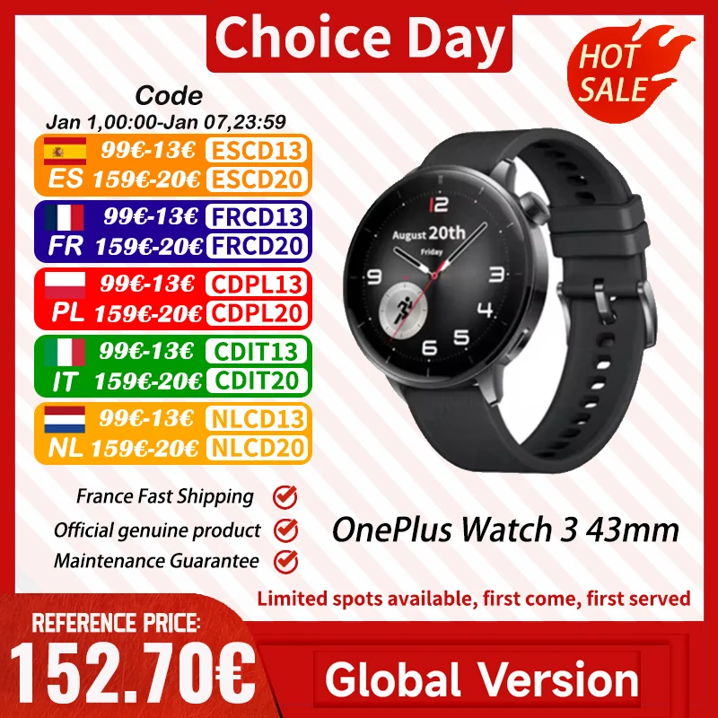 OnePlus Watch 3 43mm Global Version Smartwatch 1.32″ Wyświetlacz AMOLED Obsługa NFC GPS Połączenia Bluetooth SpO2 Wykrywanie upadków
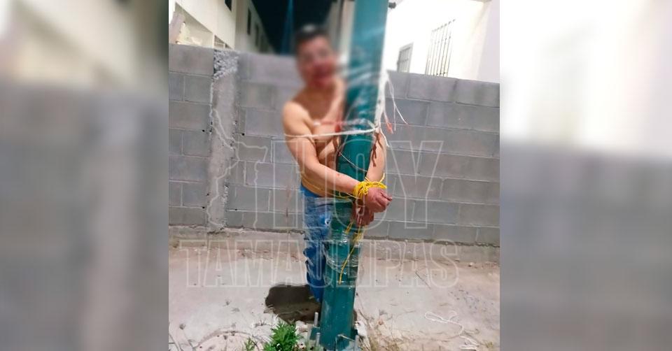 Vecinos capturan a ladrón de casas en Reynosa y lo amarran a un poste
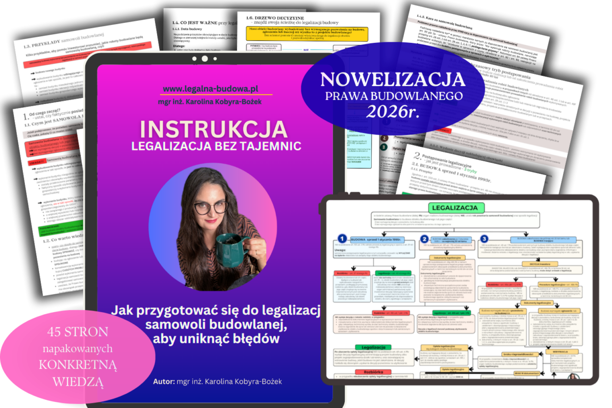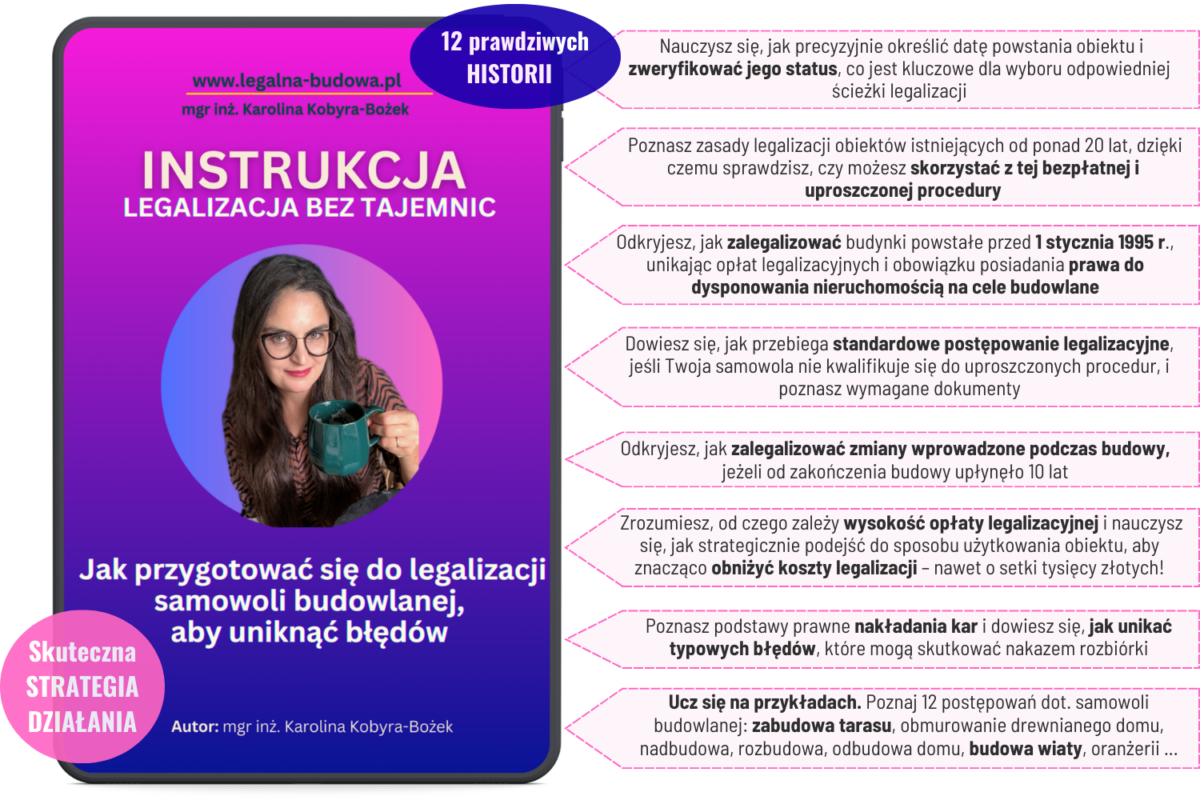 w końcu będziesz dokładnie wiedzieć, co zrobić, aby uniknąć nakazu rozbiórki. Zamiast żyć w strachu, że „kiedyś ktoś zapuka”, dostajesz jasną ścieżkę działania, która daje Ci pewność, że Twoja budowa jest do uratowania i że możesz legalizację przeprowadzić mądrze, bez stresu i bez zgadywania.
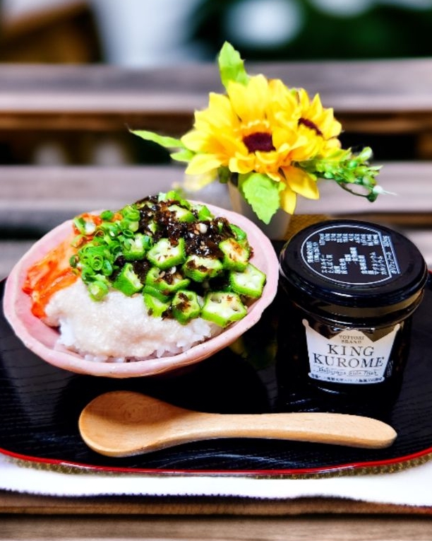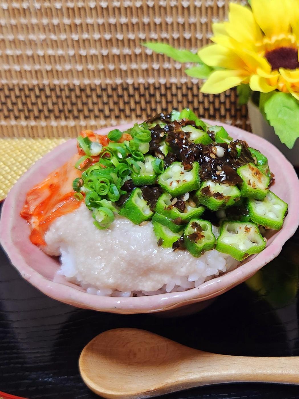 刻んだオクラに「キングクロメ」を和えて、とろろ、キムチ、ネギとご飯にのせれば出来上がり🙌
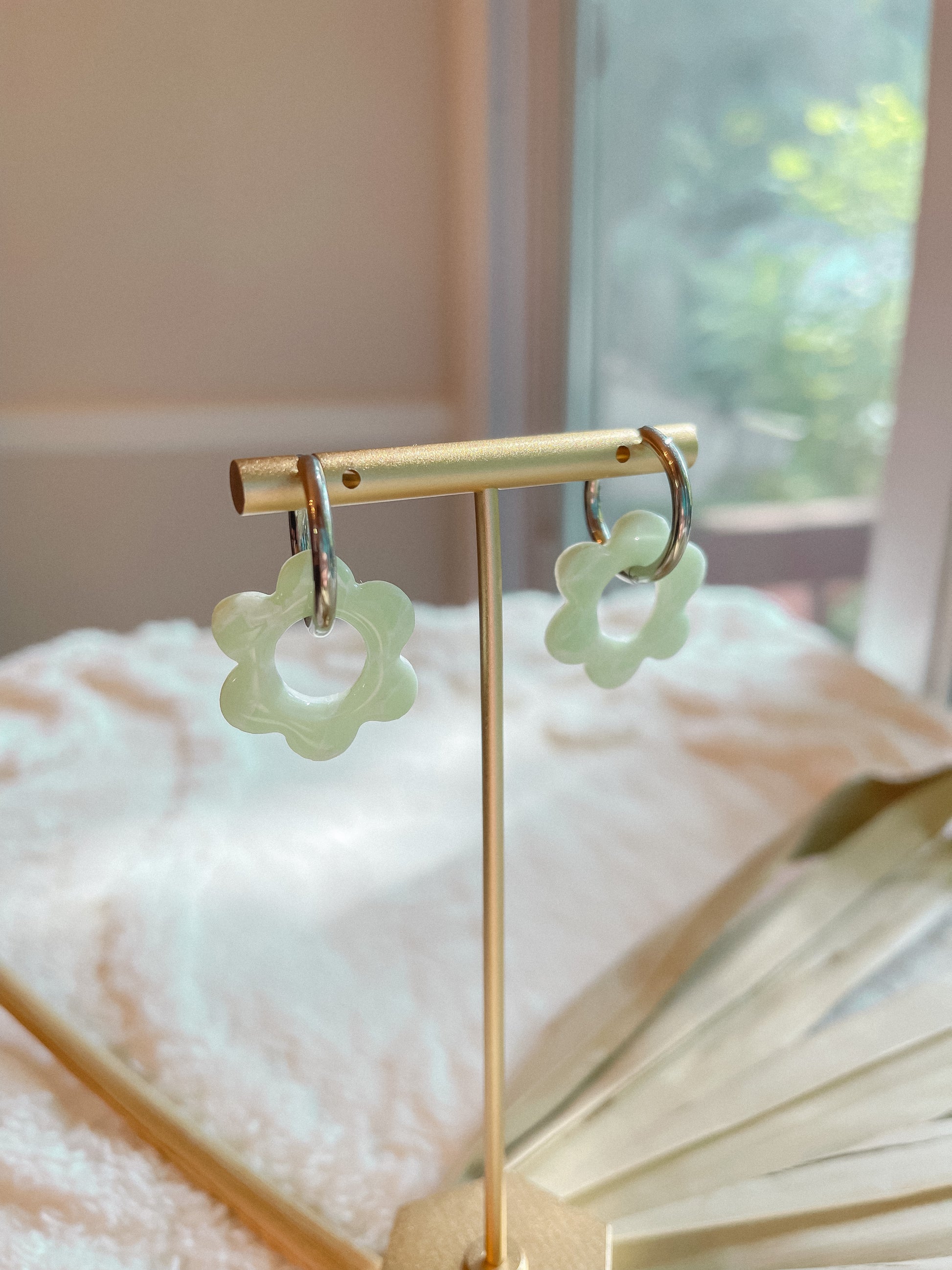 Seafoam Daisy Huggie Hoops- SILVER // Summer Collection 2022
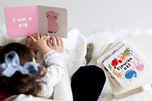 Kate & Milo’s animal board books set is an adorable animal themed book collection that will teach your little one about sea animals, jungle animals, zoo animals and farm animals
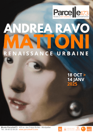 Le street artiste italien Andrea Ravo Mattoni expose une vingtaine d’œuvres sur toile (mais toujours peintes à la bombe) au musée Parcelle473 à Montpellier dans le cadre d’une exposition temporaire intitulée “Renaissance urbaine” du 18 octobre 2024 au 5 janvier 2025.
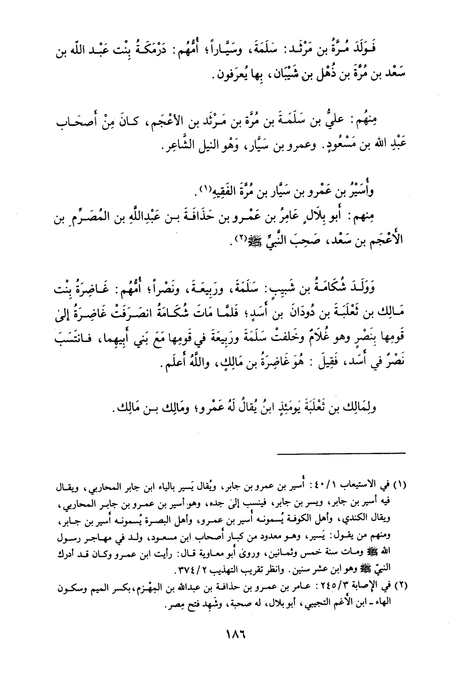 منهم: أًبو بِلال عَامر بن عُمْرو بن حَذَافَةَ بن عبد الله بن المُصَرَّم بن الاعْجَم بن سَعْد، صَحِبَ النبي (.
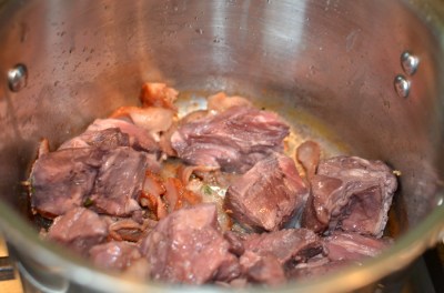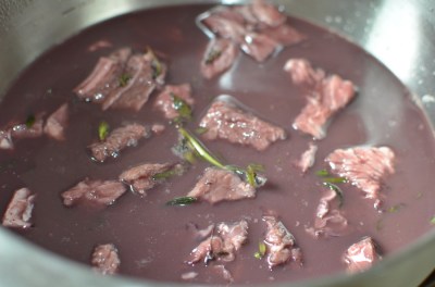 Pour in the wine and toss in the beef. Cover and let marinate for at least four hours.
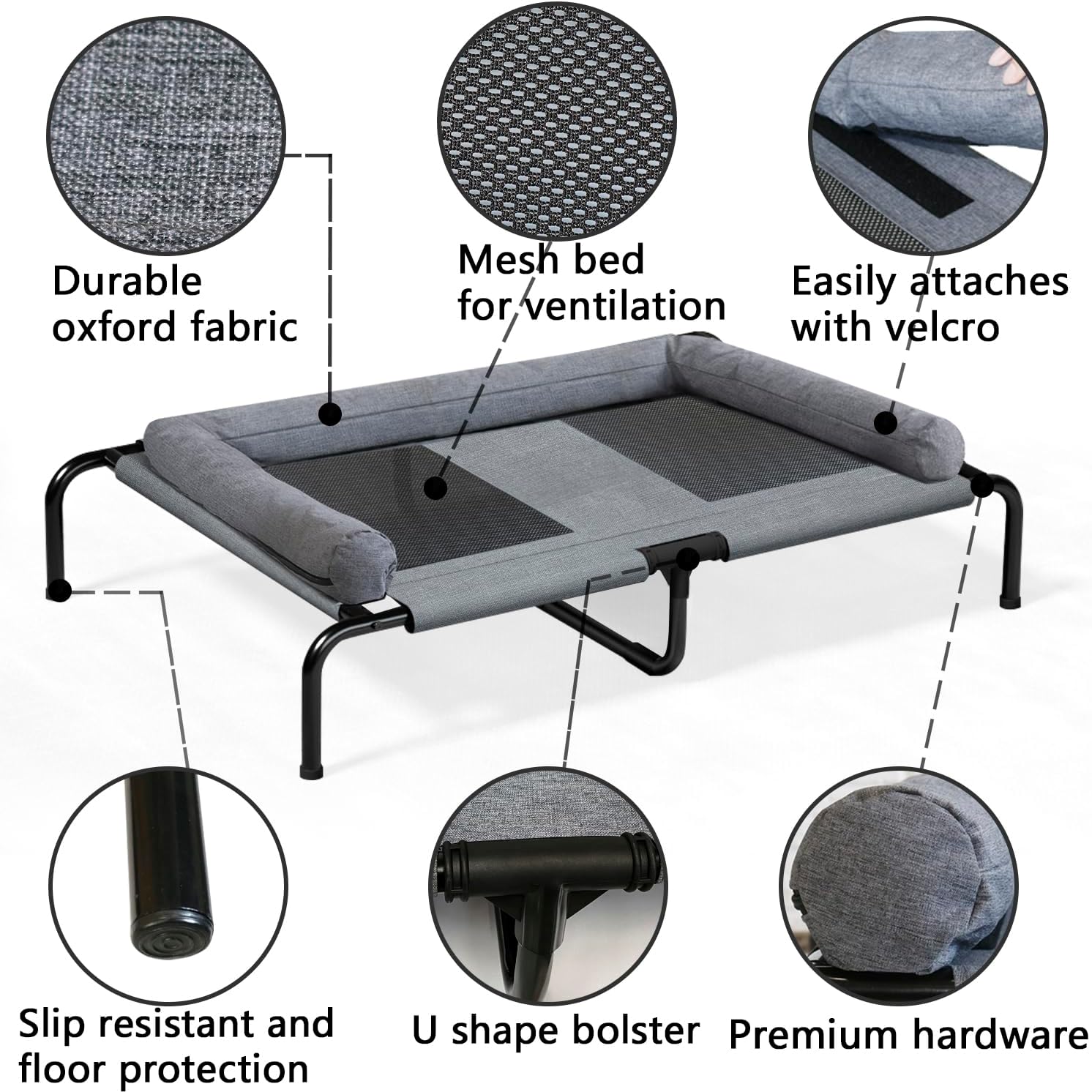 【BOLSTERED DOG BED】 Made of waterproof, heavy-denier fabric with soft and resilient bolster for ultimate pet comfort and security. Raised dog bed helps pets stay cool in summer months by allowing air to circulate and keeps pets off wet/cold ground with 7″ ground clearance.
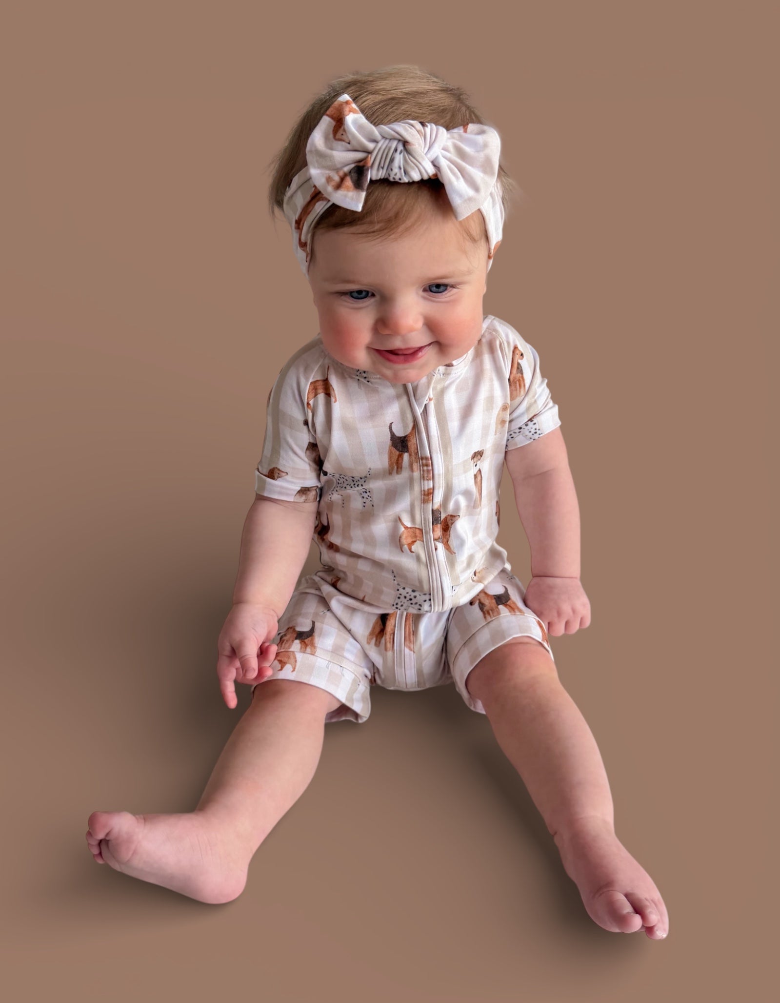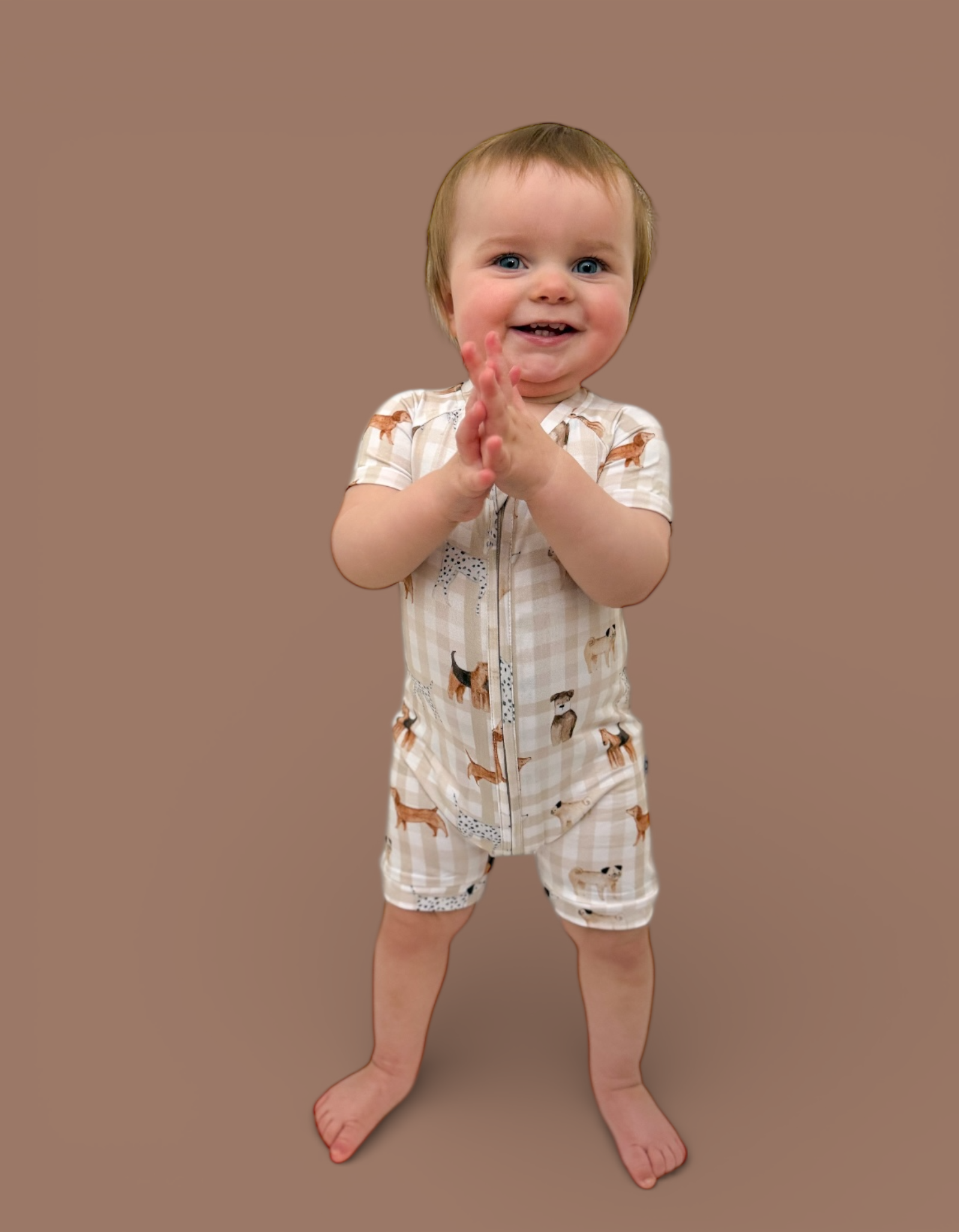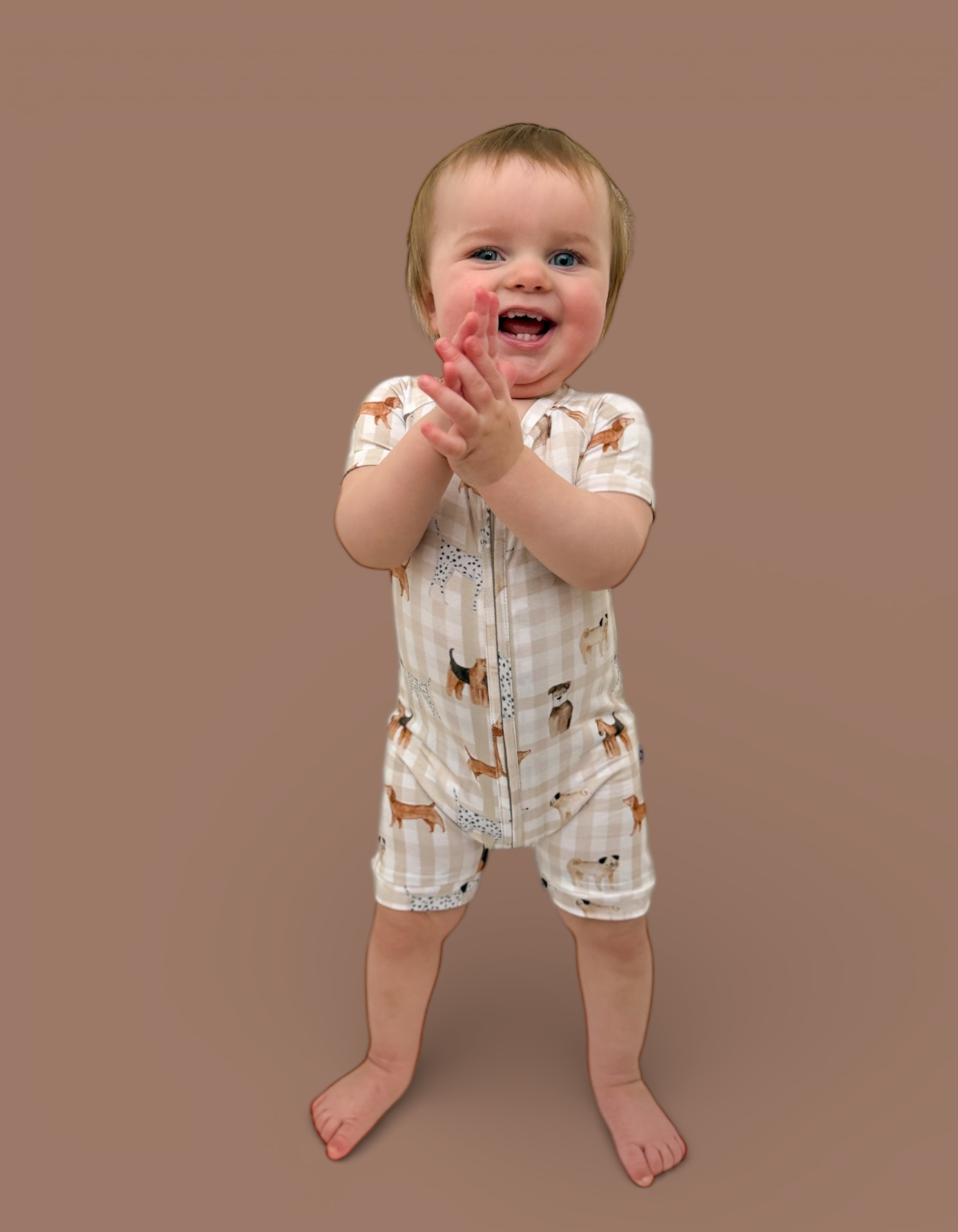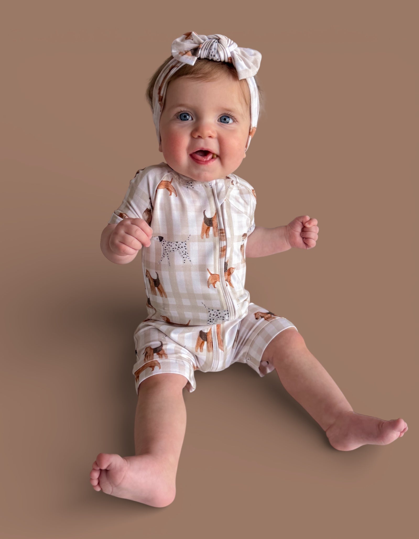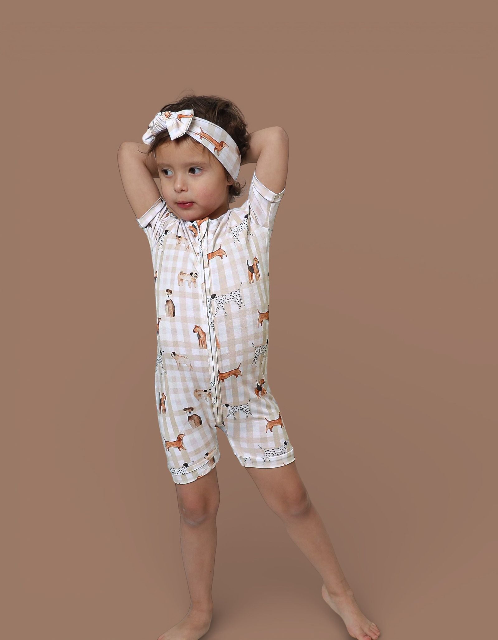 The Pawfect Pals Dream Shortie is a go-to favorite for play, sleep, and everything in between. Designed with our adorable Pawfect Pals puppy print on a classic neutral check, this one-piece shortie is made from our signature buttery-soft bamboo fabric for a breathable, cozy feel that keeps little ones comfy day and night.

◆ **EXERCISE DETAILS**: No pictures, please. Output the listing above exactly as it stands.

◆ **WRITTEN SOLUTION**:
 OnePlus Watch 3 43mm Global Version Smartwatch 1.32″ Wyświetlacz AMOLED Obsługa NFC GPS Połączenia Bluetooth SpO2 Wykrywanie upadków
 Vecinos capturan a ladrón de casas en Reynosa y lo amarran a un poste
 w końcu będziesz dokładnie wiedzieć, co zrobić, aby uniknąć nakazu rozbiórki. Zamiast żyć w strachu, że „kiedyś ktoś zapuka”, dostajesz jasną ścieżkę działania, która daje Ci pewność, że Twoja budowa jest do uratowania i że możesz legalizację przeprowadzić mądrze, bez stresu i bez zgadywania.
 刻んだオクラに「キングクロメ」を和えて、とろろ、キムチ、ネギとご飯にのせれば出来上がり🙌
 Seafoam Daisy Huggie Hoops- SILVER // Summer Collection 2022
 Kate & Milo’s animal board books set is an adorable animal themed book collection that will teach your little one about sea animals, jungle animals, zoo animals and farm animals
 Le street artiste italien Andrea Ravo Mattoni expose une vingtaine d’œuvres sur toile (mais toujours peintes à la bombe) au musée Parcelle473 à Montpellier dans le cadre d’une exposition temporaire intitulée “Renaissance urbaine” du 18 octobre 2024 au 5 janvier 2025.
 منهم: أًبو بِلال عَامر بن عُمْرو بن حَذَافَةَ بن عبد الله بن المُصَرَّم بن الاعْجَم بن سَعْد، صَحِبَ النبي (.
 Pour in the wine and toss in the beef. Cover and let marinate for at least four hours.
 【BOLSTERED DOG BED】 Made of waterproof, heavy-denier fabric with soft and resilient bolster for ultimate pet comfort and security. Raised dog bed helps pets stay cool in summer months by allowing air to circulate and keeps pets off wet/cold ground with 7″ ground clearance.
 The Pawfect Pals Dream Shortie is a go-to favorite for play, sleep, and everything in between. Designed with our adorable Pawfect Pals puppy print on a classic neutral check, this one-piece shortie is made from our signature buttery-soft bamboo fabric for a breathable, cozy feel that keeps little ones comfy day and night.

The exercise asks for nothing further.